Online Social Networks and Media
You can download the list of project topics here. Let us know of the topic you pick, and email or set up a meeing to discuss the details. If you have your own project proposal please contact us with your suggestion.
The timeline for the projects is as follows:
The assignment is due on Wednesday 19/12 in class. You should do the assignment individually. The goal of the assignment is to understand the HITS algorithm and the propagation in networks. You should do the following exercises from the textbook:
· Exercise 6 from Chapter 14.
· Exercise 4 from Chapter 19.
· Exercise 2 from Chapter 21.
The assignment is due on Wednesday 28/11 in class. You should do the assignment individually. It has two parts
a. The goal of the first part is to understand better the betweeness computation. You should do Questions 10.2.1 -- 10.2.3 from Chapter 10 of textbook Mining Massive Datasets. You should hand in your answers on paper at the beginning of class. There will be no presentation, but we may sample randomly a few people to present their solutions.
b. The goal of the second part is to understand the proof that decentralized greedy search is efficient for small world networks when the probability of long-range links is selected appropriately. You will consider the case that the underlying structure is a grid, and each node on the grid has a long range link. The endopoint of the link is selected with probability inversely proportional to the square of the distance from starting point of the link. Prove that in this case the expected number of steps of a path found between two nodes s,t by the greedy algorithm is O(log2n).
The assignment is due on Wednesday 14/11 in class. You can do the assignment in groups of up to 2 people. The goal of the assignment is to implement and experiment with different network models.
Choose either a preferential attachment or a small world model to implement. You should do your own implementation, and not use some existing one online.
For the preferential attachment model you can choose between the Barabasi-Albert model and the Copying model. The two models are described in the survey of Mark Newman
· M. E. J. Newman, The structure and function of complex networks, SIAM Reviews, 45(2): 167-256, 2003
You can also follow references from the review to the original papers where the two models are described.
For the small-world model, you can choose one of the two models proposed by Duncan Watts. The first one is described in the paper:
· D.J. Watts. Networks, Dynamics and Small-World Phenomenon, American Journal of Sociology, Vol. 105, Number 2, 493-527, 1999
The second one (proposed in collaboration with S. H. Strogatz) is described in the paper
· Watts, D. J. and S. H. Strogatz. Nature 393:440-42, 1998
It is also described in the review by Mark Newman.

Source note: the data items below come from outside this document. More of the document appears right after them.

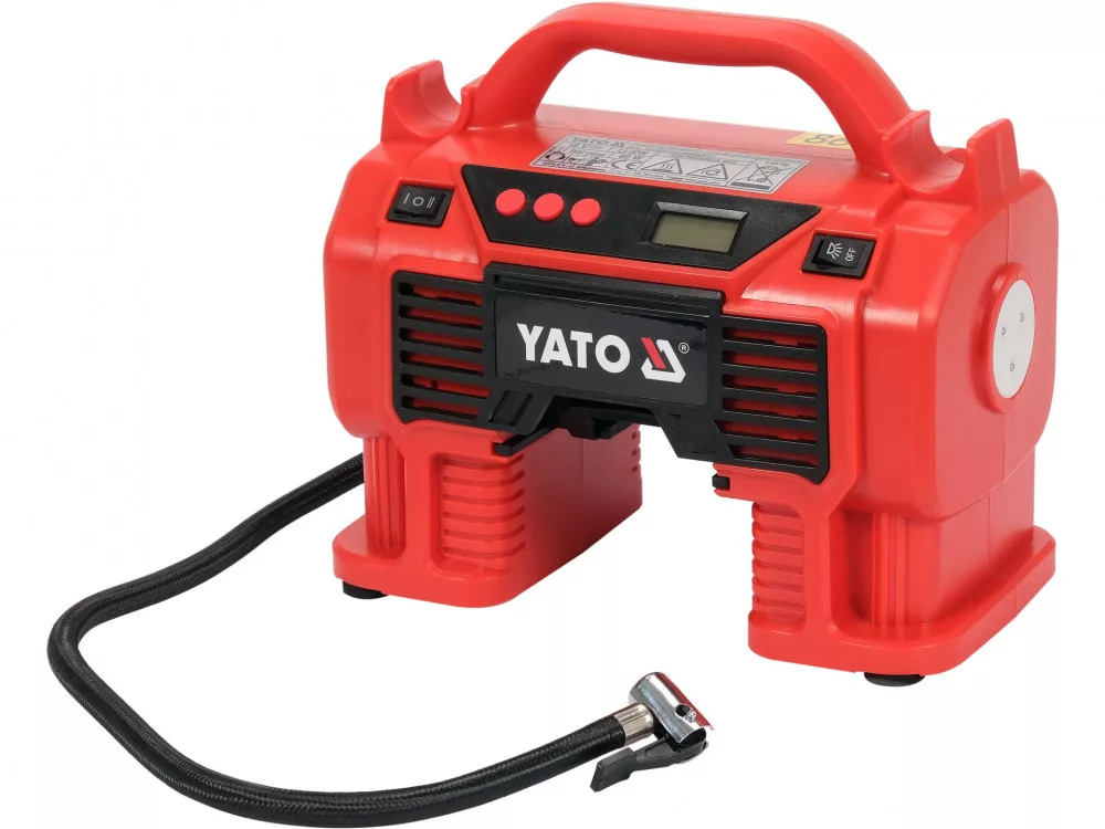 Kompakt kompresszor, amelyet a YATO 18 voltos rendszerakkumulátor és 12 voltos szivargyújtó aljzat táplál. Egység akkumulátor nélkül.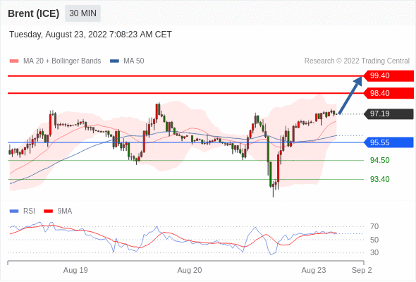 在 95.55 之上,看涨,目标价位为 98.40 ,然后为 99.40 。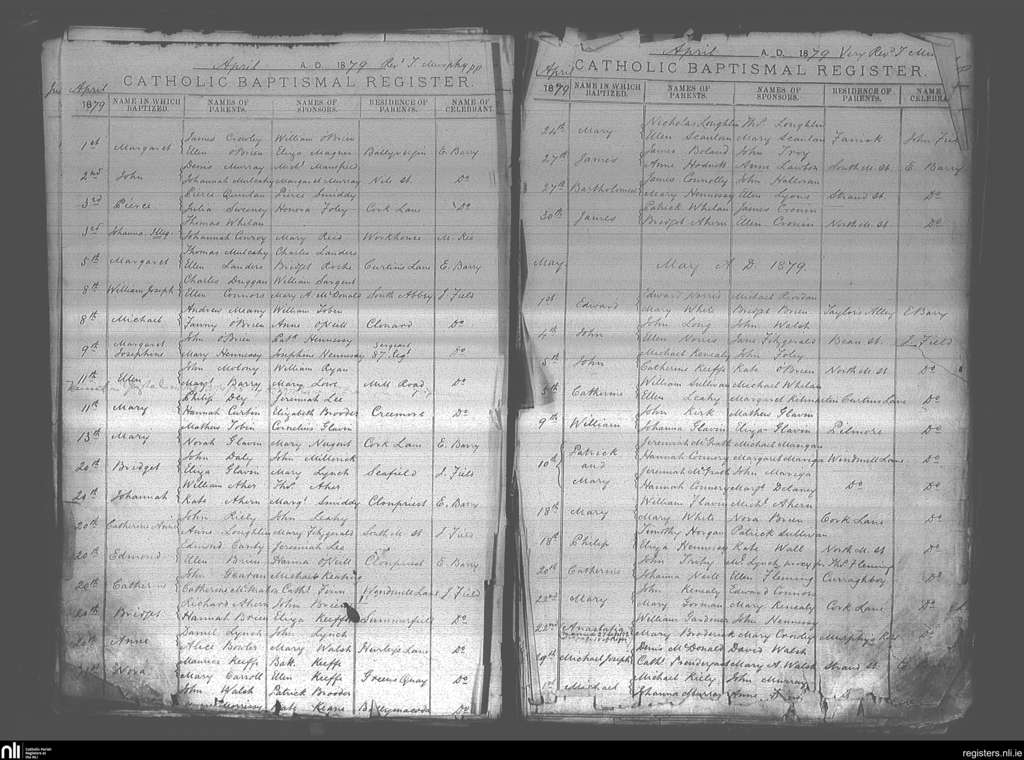 Youghal; County of Cork; Diocese of Cloyne. Baptisms, Apr. 1879 to May 1879
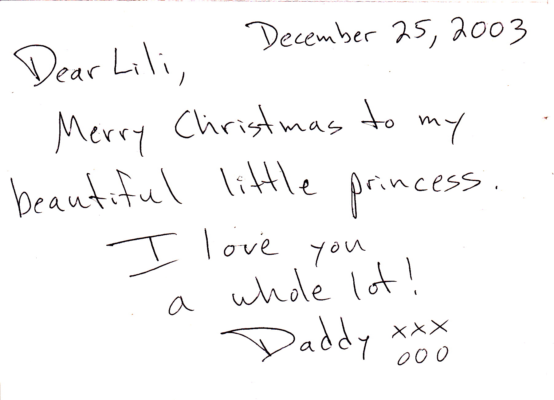 Christmas 2003 was to be the last Christmas we ever spent together. About two months earlier I started getting messages from your mother every time I asked to see you that said “Lili doesn’t want to see you.” Christmas 2004 was not to be. I was really pretty sad around this time and had to get away from Japan for a while, so I booked a trip to Koh Samui, Thailand, where I spent Christmas and New Year’s that year.

Implement the model that you choose and experiment with different values for the parameters of the model. Generate graphs with at least 5K nodes. For each graph, compute the clustering coefficient, the degree distribution, and produce a visualization of the network. You can use Gephi for these tasks. For the scale free models compute also the exponent of the distribution.
You should prepare a short presentation (4-5 slides) for the above. The presentation should include a 1-page description of the model and the choices that you made.

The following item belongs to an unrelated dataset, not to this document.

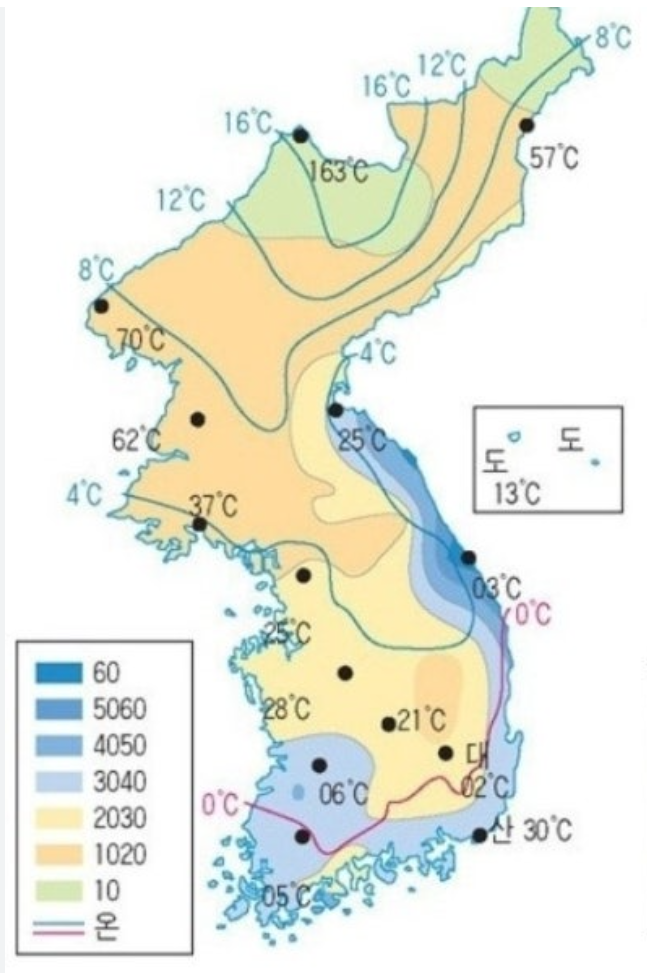 한반도의 1월, 평균기온 0도가 되는 지역은 어디일까?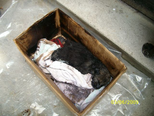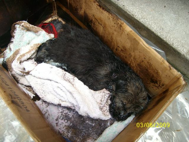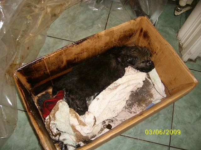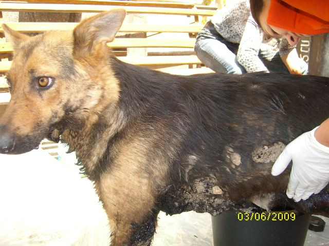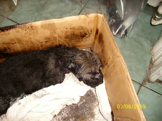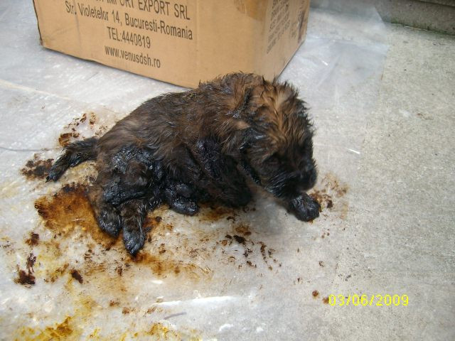 Mai jos, o poveste trista, a unei familii de catelusi formata din o mamica si cei patru pui ai sai. Cei cinci au fost gasiti pe una din strazile Bucurestiului, plini de smoala. Trei catelusi traiesc in continuare. Al patrulea nu a avut, insa, acelasi noroc!

The assignment is due on Friday 26/10 in class. You can do the assignment in groups of up to 3 people. The goal of the assignment is to apply the techniques we described in class for observing and computing power-laws.

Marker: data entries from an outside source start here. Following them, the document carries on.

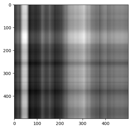 # (500, 500) (500,) (500, 500)여기서 500개의 singular value를 사용하지 않고 단 1개만 사용하면 어떤 이미지가 나올까요?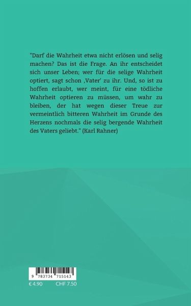 Darf die Wahrheit etwa nicht erlösen und selig machen? Das ist die Frage. An ihr entscheidet sich unser Leben; wer für die selige Wahrheit optiert, sagt schon Vater zu ihr. Und, so ist zu hoffen erlaubt, wer meint, für eine tödliche Wahrheit optieren zu müssen, um wahr zu bleiben, der hat wegen dieser Treue zur vermeintlich bitteren Wahrheit im Grunde des Herzens nochmals die selig bergende Wahrheit des Vaters geliebt. Karl RahnerHerausgeber: Hans-Jürgen Sträter, Adlerstein Verlag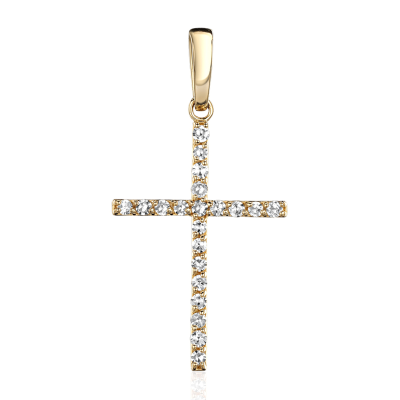 Подвеска "Крест" из желтого золота 585 пробы с бриллиантами 01Р631125-17

Choose a graph dataset (you can find a list of such datasets at the Resources page). The graph should have at least 1000 nodes.
1. Compute the degree distribution and produce the following plots:
i. The degree distribution in log-log scale
ii. The degree distribution in log-log scale using exponential binning
iii. The cumulative degree distribution in log-log scale
iv. The Zipf plot of the degree distribution
2. Compute the exponent of the power-law distribution and in the plots i-iii plot also the expected value if the values were drawn from the distribution.
You can read more about the different methods of plotting the distribution and estimating the power-law exponent at:
You should prepare a short presentation (3-4 slides) for the above. The presentation should include a description of the dataset.